L’ente, che raccoglie decine di membri – tra cui la FAO e l’ILO, l’Organizzazione Internazionale del Lavoro – e alcuni osservatori – tra cui l’istituto Euricse – punta insomma al bersaglio grosso: una risoluzione delle Nazioni Unite che riconosca la centralità del tema. Perché l’era della nicchia è ormai alle spalle. E l’economia sociale, assicurano gli osservatori, ha assunto ormai importanza sistemica.

Obiettivo ONU

Di questo e altro hanno discusso a Trento gli esponenti e gli osservatori della Task Force alla fine di novembre, a margine della conferenza internazionale su economia sociale e finanza “The SSE Momentum” organizzata da Euricse.
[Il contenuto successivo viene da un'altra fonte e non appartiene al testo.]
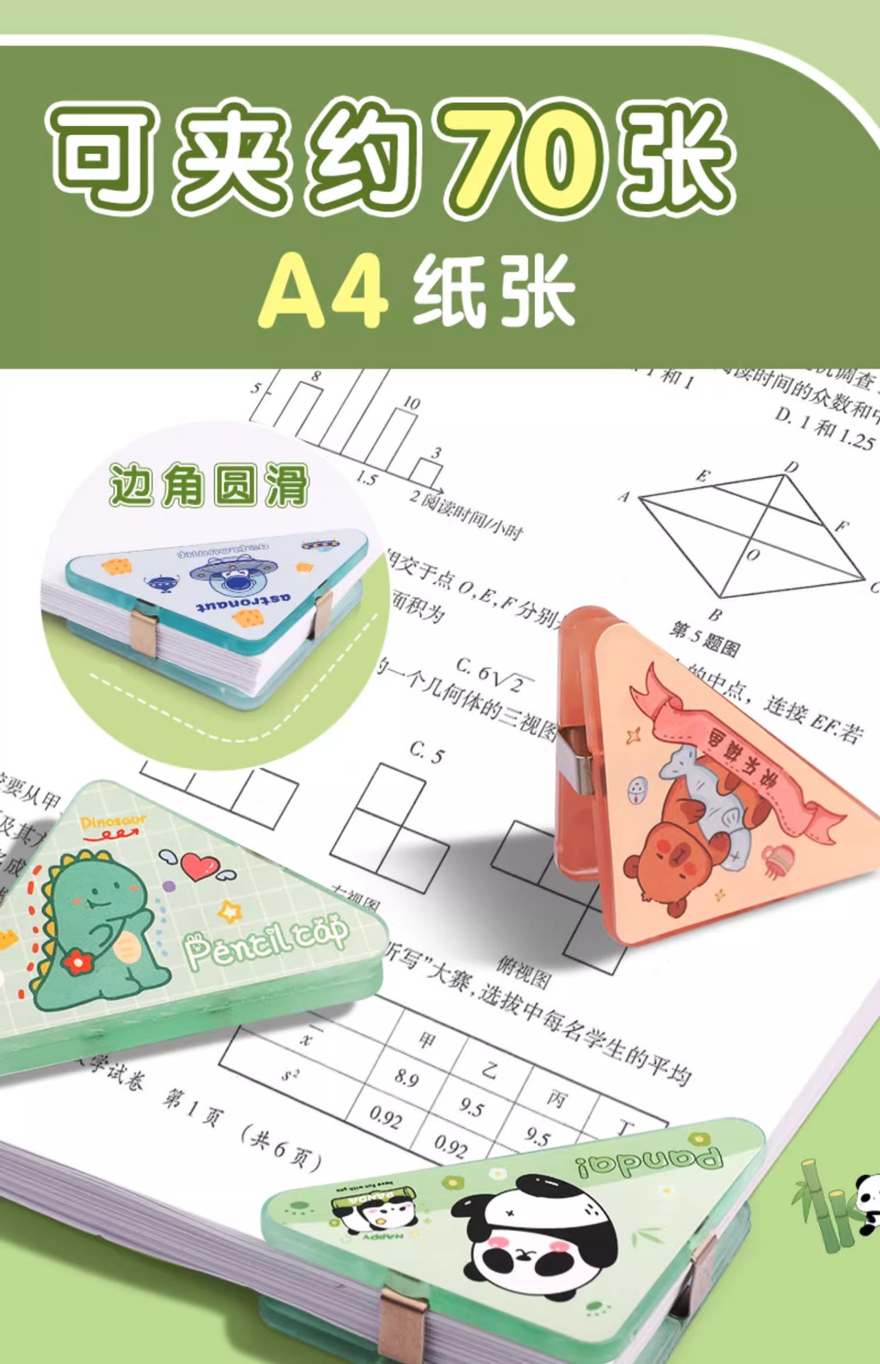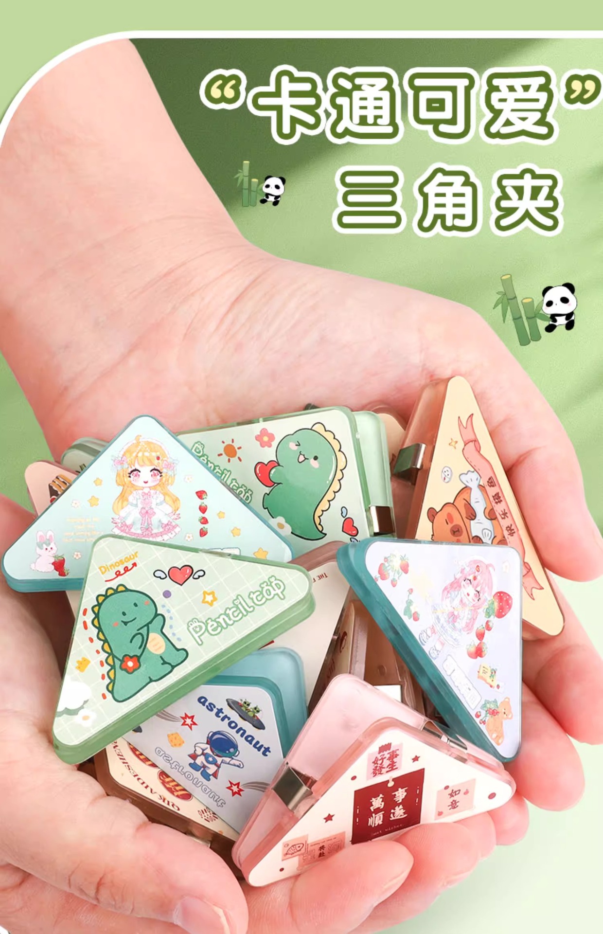 童益星 轻便三角夹 萌趣恐龙 4个装 绿色(单位:组)
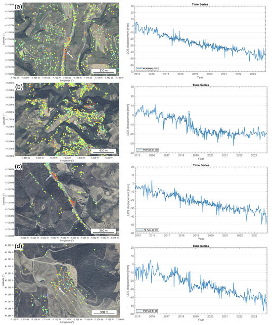 The area of interest covers approximately 100 by 60 km (≈6000 km2) (Figure 5). A total of 420 SAR images spanning 9 years of observations (27 October 2014–21 November 2023) were analyzed by persistent scatterer interferometry (PSI) technique [72,73] implemented in SARproZ software [90]. All available single-look complex (SLC) images were co-registered on the sampling grid of a primary acquisition (28 June 2021) and were selected by optimizing the distribution of perpendicular and temporal baselines and assessing weather conditions [91]. The data were analyzed on a pixel-by-pixel basis to identify a sparse grid of points, typically corresponding to man-made structures (e.g., retaining vineyard walls, roads, buildings, etc.). Precise orbit ephemerides (POE) and the SRTM-3 digital elevation model were used for the processing. A threshold of 0.65 on the amplitude stability index (ASI) was used to create a network of pre-selected points for estimating preliminary parameters and the atmospheric phase screen (APS). After APS compensation, the residual height, displacement velocity, and displacement time series were estimated with respect to a reference point selected in a scatterer with high amplitude stability (ASI > 0.9), located at 41.17148408°N latitude, −7.35213141°W longitude. A displacement map with estimated mean line-of-sight velocities is shown in Figure 5. The impact of ground motion on vineyard areas and the surrounding infrastructure can be monitored at approximately 1.2 million persistent scattering points over the entire Douro wine region. Examples from PSI deformation monitoring are shown for the infrastructure (Figure 6a,c) and vineyard areas (Figure 6b,d).
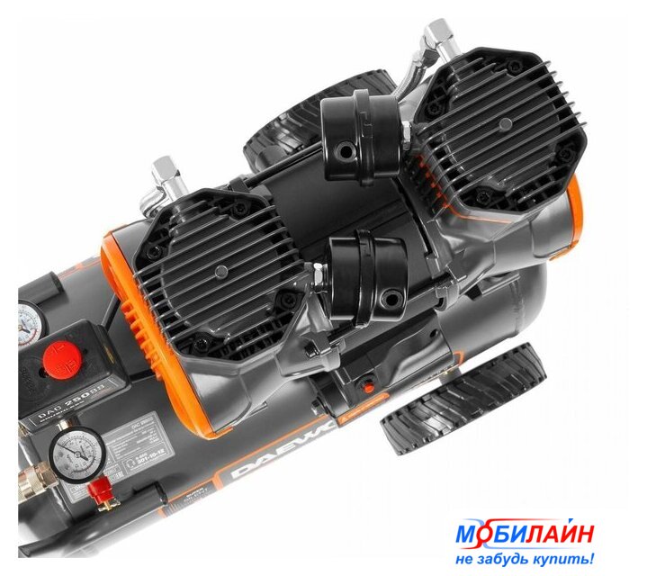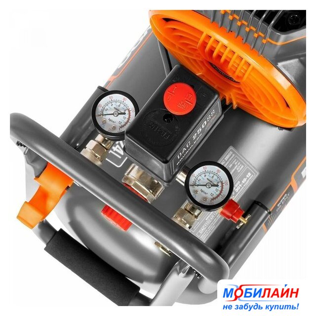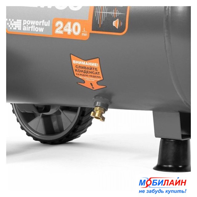 Комплектация | КомпрессорВоздушный фильтр 2 штРезиновые опорыКолесо транспортировочное 2 штРуководство по эксплуатацииГарантийный талон |
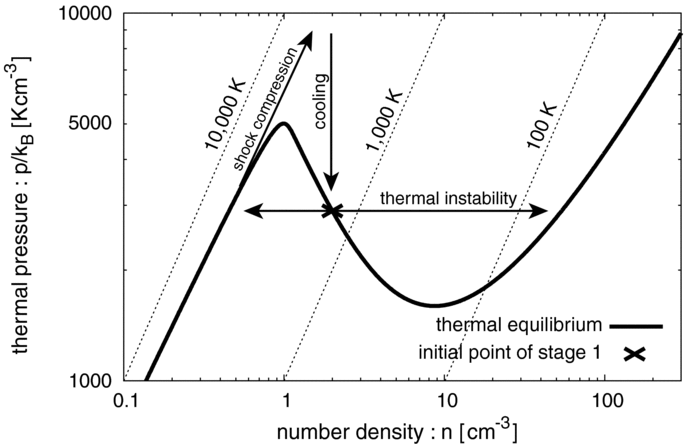 Thermal equilibrium state of the cooling function (thick solid line). The isothermal lines of 10,000 K, 1000 K, and 100 K are plotted as dashed lines. The evolutionary track of diffuse WNM that is compressed by a shock wave and cooled by following radiative cooling to form thermally unstable gas is illustrated as allows. We also illustrate the evolutionary tracks of the thermal instability that are simulated in Stage 1. The initial unperturbed state of Stage 1 is plotted as a cross.
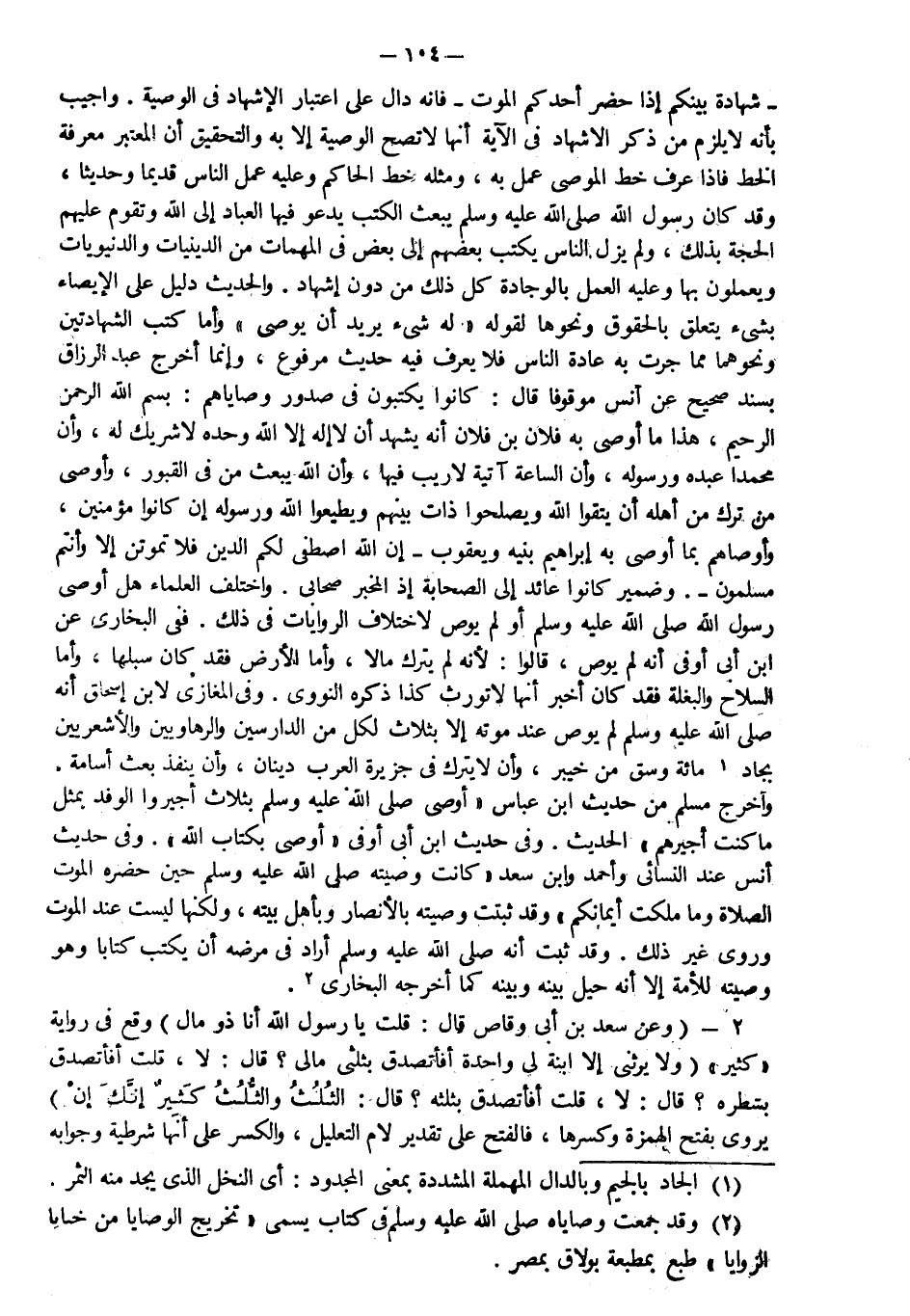 {شَهَادَةُ بَيْنِكُمْ إِذَا حَضَرَ أَحَدَكُمُ الْمَوْتُ} إنه دال على اعتبار الإشهاد في الوصية وأجيب بأنه لا يلزم من ذكر الإشهاد في الآية أنها لا تصح الوصية إلا به والتحقيق أن المعتبر معرفة الخط فإذا عرف خط الموصي عمل به ومثله خط الحاكم وعليه عمل الناس قديما وحديثا وقد كان رسول الله صلى الله عليه وسلم يبعث الكتب يدعو فيها العباد إلى الله وتقوم عليهم الحجة بذلك ولم يزل الناس يكتب بعضهم إلى بعض في المهمات من الدينيات والدنيويات ويعملون بها وعليه العمل بالوجادة كل ذلك من دون إشهاد والحديث دليل على الإيصاء بشيء يتعلق الفراشوق ونحوها لقوله "له شيء يريد أن يوصي" وأما كتب الشهادتين ونحوهما مما جرت به عادة الناس فلا يعرف فيه حديث مرفوع وإنما أخرج عبد الرزاق بسند صحيح عن أنس موقوفا قال كانوا يكتبون في صدور وصاياهم بسم الله الرحمن الرحيم هذا ما أوصى به فلان بن فلان أنه يشهد أن لا إله إلا الله وحده لا شريك له وأن محمدا عبده ورسوله وأن الساعة آتية لا ريب فيها وأن الله يبعث من في القبور وأوصى من ترك من أهله أن يتقوا الله ويصلحوا ذات بينهم ويطيعوا الله ورسوله إن كانوا مؤمنين وأوصاهم بما أوصى به إبراهيم بنيه ويعقوب {إِنَّ اللَّهَ اصْطَفَى لَكُمُ الدِّينَ فَلا تَمُوتُنَّ إِلَّا وَأَنْتُمْ مُسْلِمُونَ} وضمير كانوا عائد إلى الصحابة إذ المخبر صحابي واختلف العلماء هل أوصى رسول الله صلى الله عليه وسلم أو لم يوص لاختلاف الروايات في ذلك ففي البخاري عن ابن أبي أوفى أنه لم يوص قالوا لأنه لم يترك مالا وأما الأرض قد كان سبلها وأما السلاح والبغلة فقد كان أخبر أنها لا تورث كذا ذكره النووي وفي المغازي لابن إسحاق أنه صلى الله عليه وسلم لم يوص عند موته إلا بثلاث لكل من الدارسيين والرهاويين والأشعريين بجاد مائة وسق من خيبر وألا يترك في جزيرة العرب دينان وأن ينفذ بعث أسامة وأخرج مسلم من حديث ابن عباس "أوصى صلى الله عليه وسلم بثلاث أجيروا الوفد بمثل ما كنت أجيرهم" الحديث وفي حديث ابن أبي أوفى "أوصى بكتاب الله" وفي حديث أنس عند النسائي وأحمد وابن سعد كانت وصيته صلى الله عليه وسلم حين حضره الموت الصلاة وما ملكت أيمانكم وقد ثبتت بالأنصار وبأهل بيته ولكنها ليست عند الموت وروي غير ذلك وقد ثبت أنه صلى الله عليه وسلم أراد في مرضه أن يكتب كتابا وهو وصيته للأمة إلا أنه حيل بينه وبينه كما أخرجه البخاري

Sul tavolo, spiega Gianluca Salvatori, segretario generale dello stesso istituto di ricerca europeo, il perfezionamento dell’agenda dei lavori per portare le istanze fino al massimo livello internazionale. Il meccanismo è noto: per raggiungere lo scopo lo sforzo delle agenzie non basta.

A essere fondamentale è l’impegno degli Stati membri; serve, va da sé, un’efficace campagna di pressione da parte del settore e dei suoi organismi nei confronti dei governi. E i tempi, in questo senso, potrebbero essere favorevoli.

Imprese for profit. Ma non solo

Il tema unificante delle iniziative di economia sociale è l’attenzione alla persona. Ma occhio a fare confusione: economia sociale non è sinonimo di beneficenza, né tanto meno di assistenzialismo o di finanziamento pubblico a fondo perduto. L’economia sociale, sottolinea Salvatori, è semplicemente – si fa per dire – un modo diverso di fare impresa. «Le imprese sociali sono imprese a tutti gli effetti: operano con l’obiettivo di generare profitti. Solo che questi non rappresentano il fine ultimo, ma sono al contrario uno strumento per l’inclusione delle persone, la difesa del lavoro, una distribuzione più equa delle risorse».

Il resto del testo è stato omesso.